In a large swathe of cases, public service allowances are part of “core pay,” Minister for Public Expenditure Brendan Howlin insisted today.
Speaking on RTÉ Radio, Mr Howlin said there was a lack of understanding about what his Department had achieved in reforming the public service.
Mr Howlin admitted last week only €3.5 million of the target of €75 million in cuts to public service allowances had been achieved and that only one allowance out of the total of 1,100 had been abolished.
“I was given a job to totally reform the public service. To have a completely new way of looking at how we pay public servants, how we structure the public service, to break down barriers and deliver services in a reformed way."
“We’ve done more in terms of reform in the past 18 months than we have in the last 20 years. We’ve halved sick pay, reformed annual leave and overtime and set about a different way of procuring €9 billion for the public service. That’s what reform is. There are some crude comments that somehow suggest cutting pay is the only thing that amounts to reform,” he said.
People were “getting fixated on a tree” while he was “trying to control a forest”, he said.
“We are going to do more than exceed the budget targets this year. We’ve cut the public service pay bill by 2.1 thousand million euro," he added.
Mr Howlin said that while he wanted to deliver public services in an integrated way he also wanted to ensure people “retained a reasonable standard of pay" within the public service.
“If we removed the allowances for gardaí it would have reduced their core pay by 20 per cent. We need to integrate allowances to core pay – it’s under way in education and defence.
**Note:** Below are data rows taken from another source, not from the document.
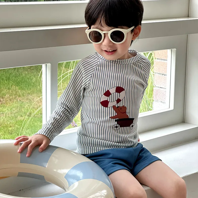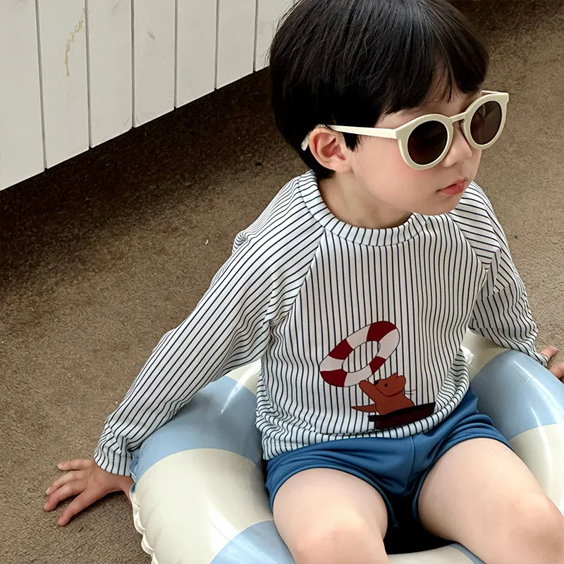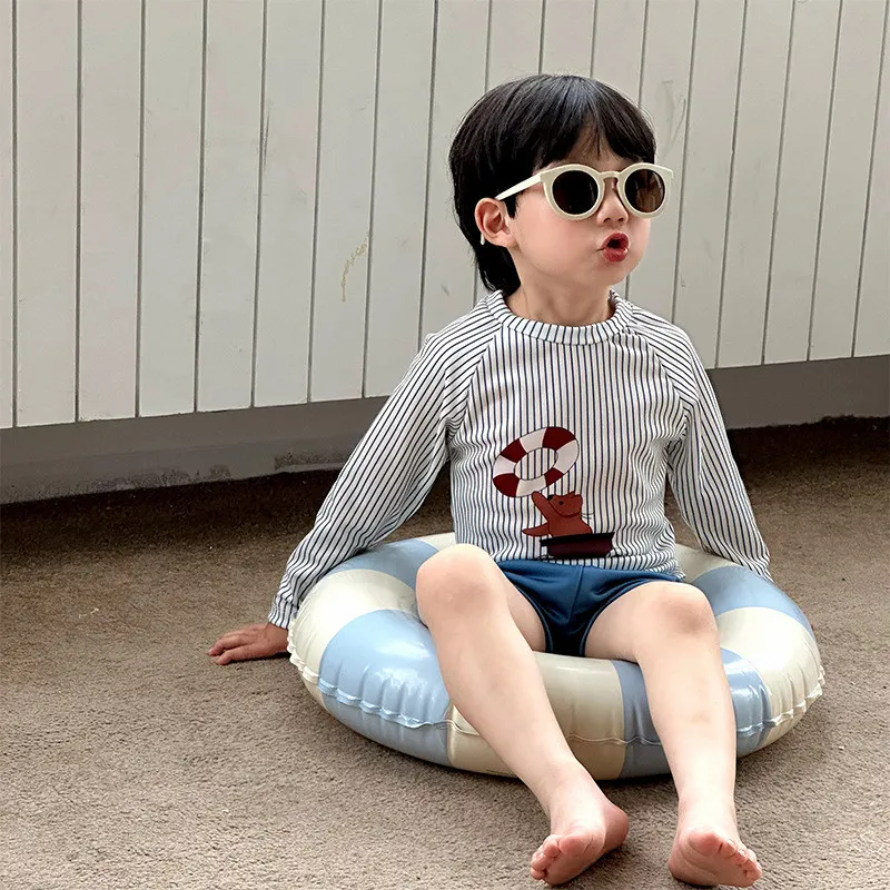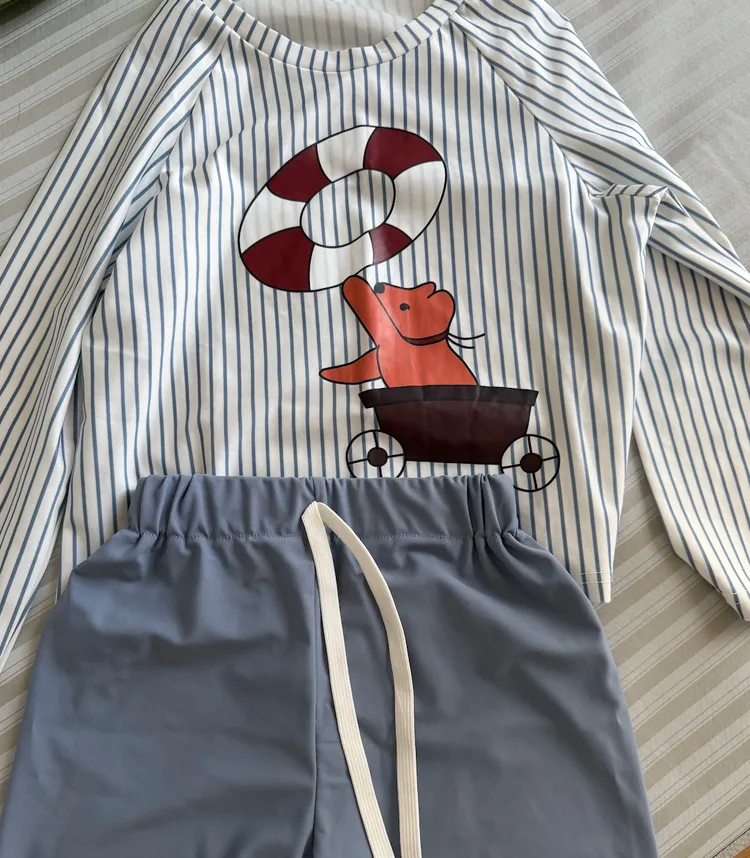 材質:聚酯纖維(長袖+褲子+同款條紋泳帽set) 💡泳衣建議身高+10公分選尺碼 比較有肉的寶寶建議身高+20公分選購泳裝材質和普通衣物不同❗️貼身更好穿,太寬鬆下水會飄起來加上阻力較大 ,游泳不好穿哦❗️
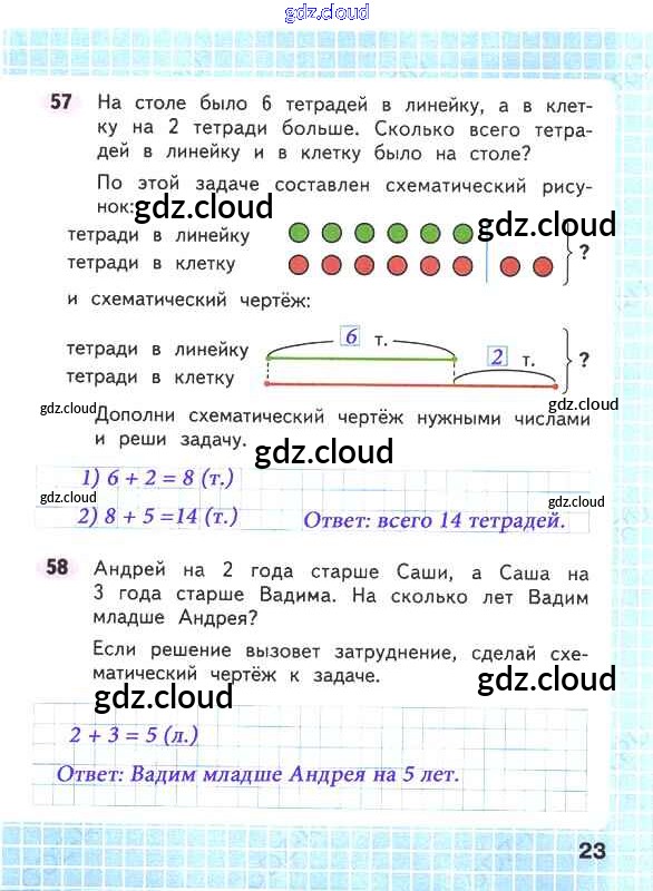 Ответ на задание стр.23 Рабочая тетрадь Математика за 2 (второй) класс Волкова, Моро Школа России 2016 Часть 1, 2
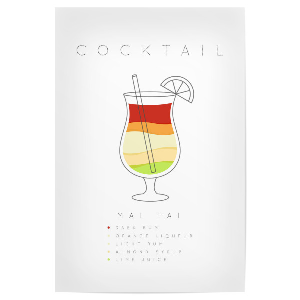 Poster "Mai Tai cocktail flat" artboxONE - Essen & Trinken,Essen & Trinken / Alkohol - Cocktail,Flat,Drink,Beverage,Alcohol,Glass,Vintage,Mai,Tai
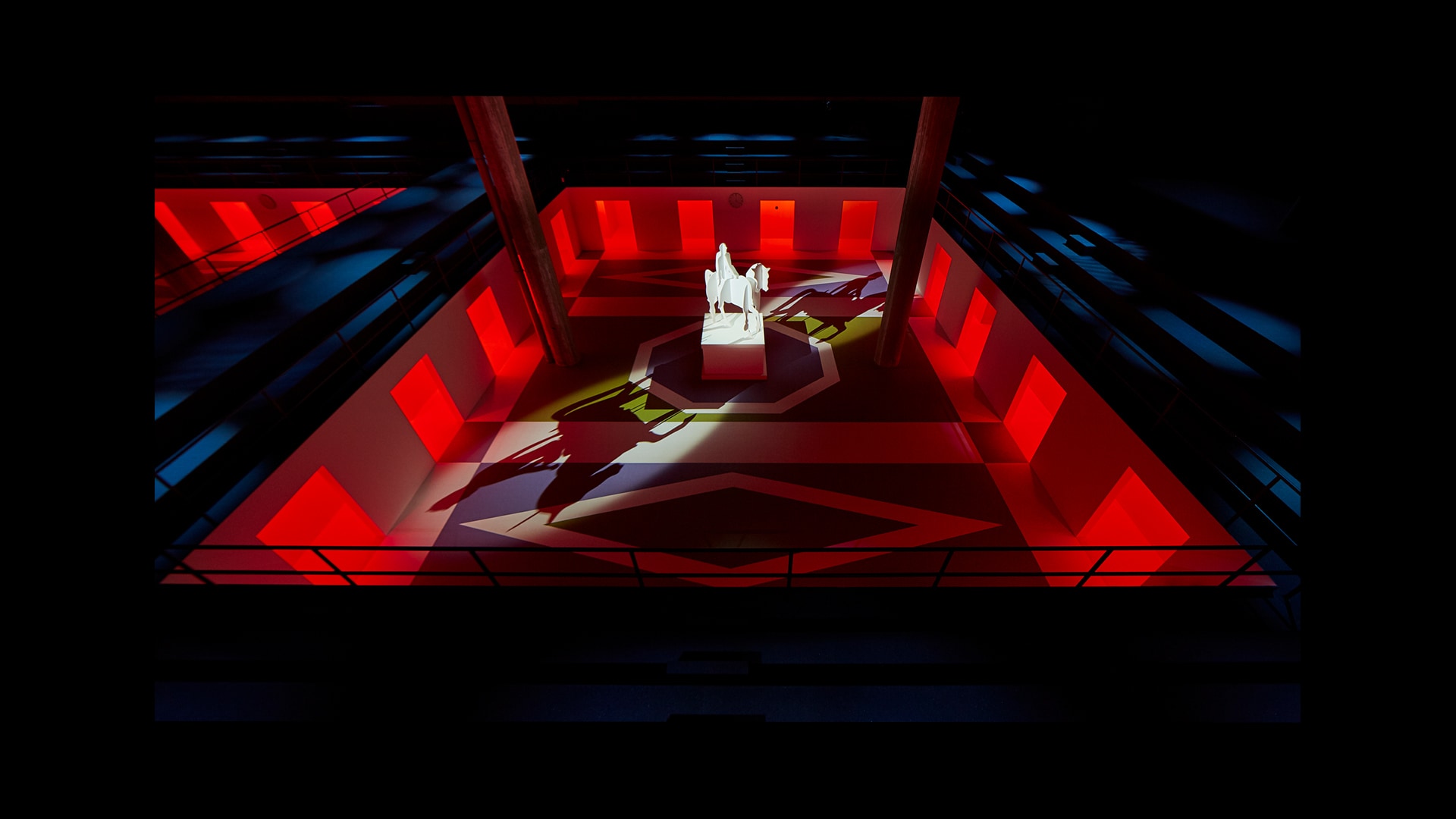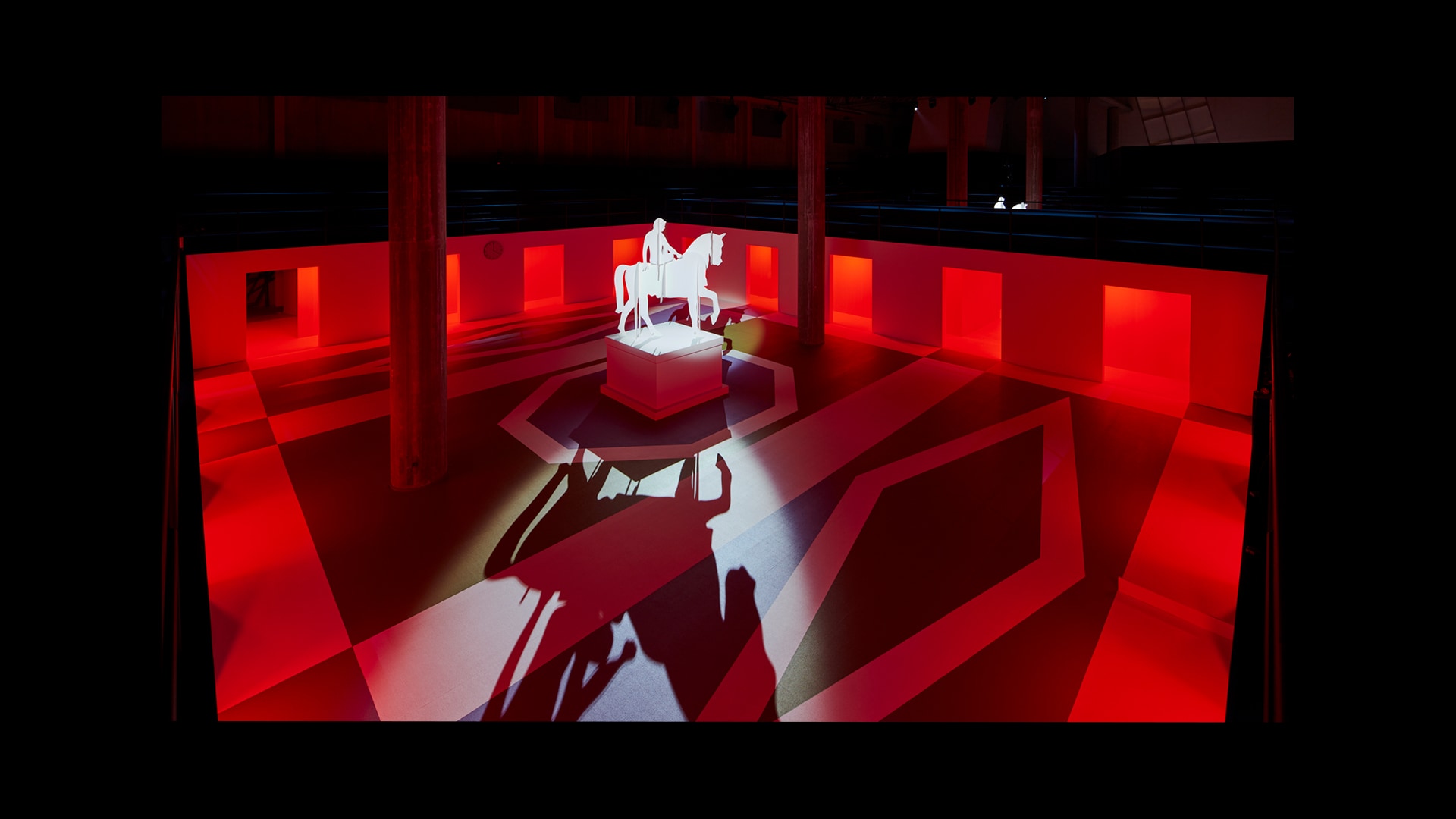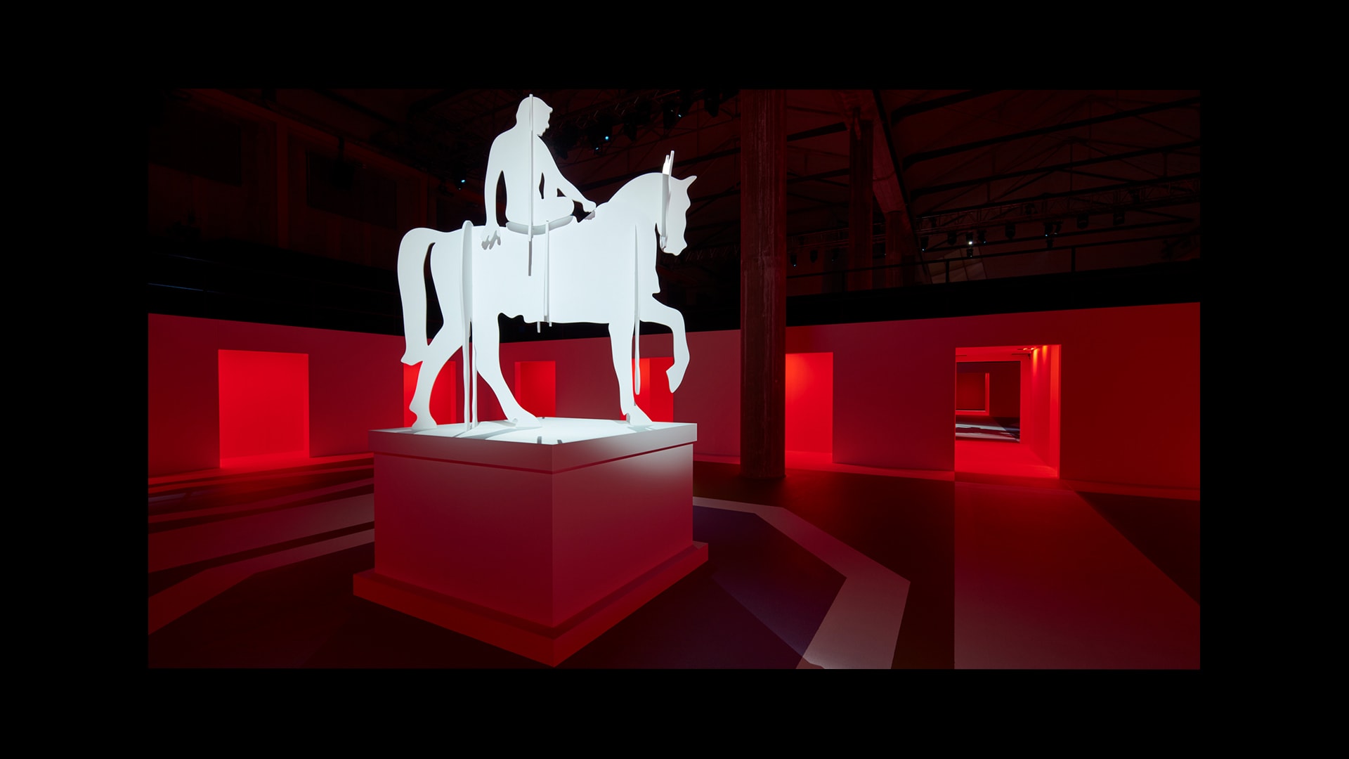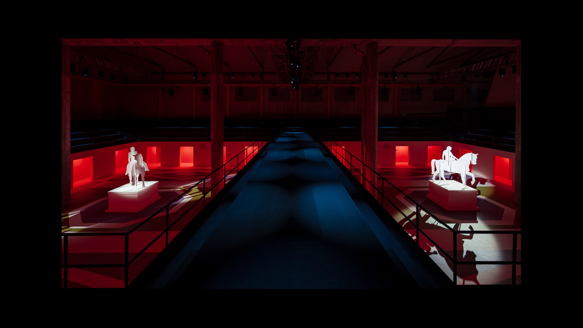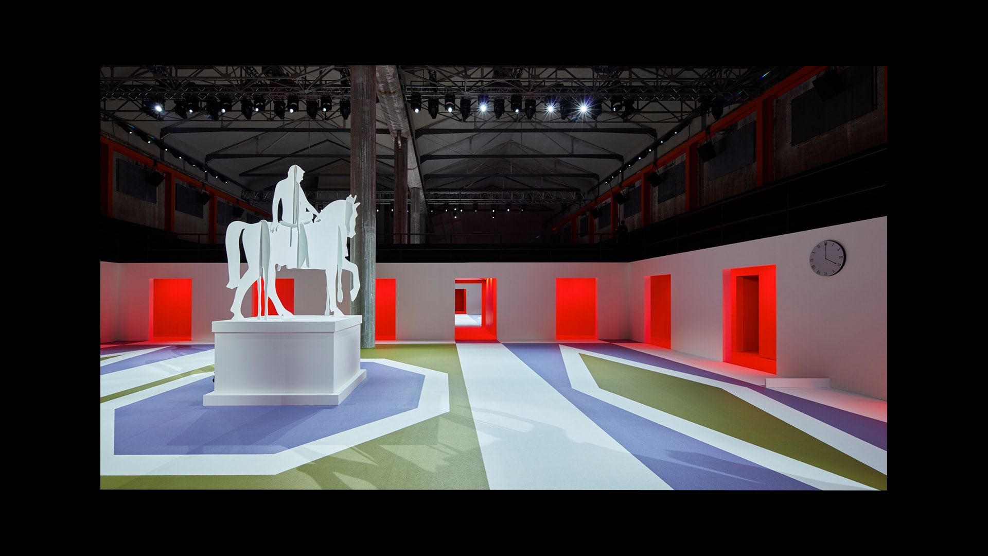 プラダ2020年秋冬メンズウェアファッションショーでは、AMOによりDepositoの空間が新たな姿に変身。公共の場に満ちる抽象的なエネルギーを体現した、想像上のピアッツァ(広場)へと変貌を遂げました。覆いのないむき出しの舞台に並ぶのは、対照的に開けられた入り口の数々。強烈なレッドライトを照らして奥行を出した開口部は、建築の裏に隠れている不思議なポーチとピアッツァという公共スペースとの境界になっています。両広場の中央に設置されているのは、視覚的なアクセントや三次元の座標軸の役割を果たしている、抽象的な像です。 秋の午後の陽が描く長い影さながらに、像がシャープな影をフロアに落とし、正方形の舞台とグラフィックデザインを引き立てています。会場は、観客が舞台の上方に座る設計。観客はルックが登場するステージから離れていると同時に、それを覗き見るようにデザインされています。姿を現しては消えていくモデルたちは、見える場所と見えない場所の境界がぼやけるような目に見えない軌道に乗って、ピアッツァというスペースを行き交います。

It’s a complex and overlapping issue."
Asked whether he was storing up trouble by giving new entrants to the public service different terms and conditions to existing staff, Mr Howlin said there was no area of the private sector that was not reforming its entry grade. "We need to look at how we deliver services to see how we can do it in a much more cost effective way," he said.
However, he acknowledged there would not be "revolutionary reform" in the short term.
Earlier, the head of the Irish trade union movement has admitted the public sector allowance system is outdated.
Irish Congress of Trade Unions general secretary David Begg said public sector pay scales need to be addressed to update the system. He warned pay structures should be refashioned in a more logical and sensible way.
"That's a matter for the employers and the unions and public service to do over a period of time," said Mr Begg.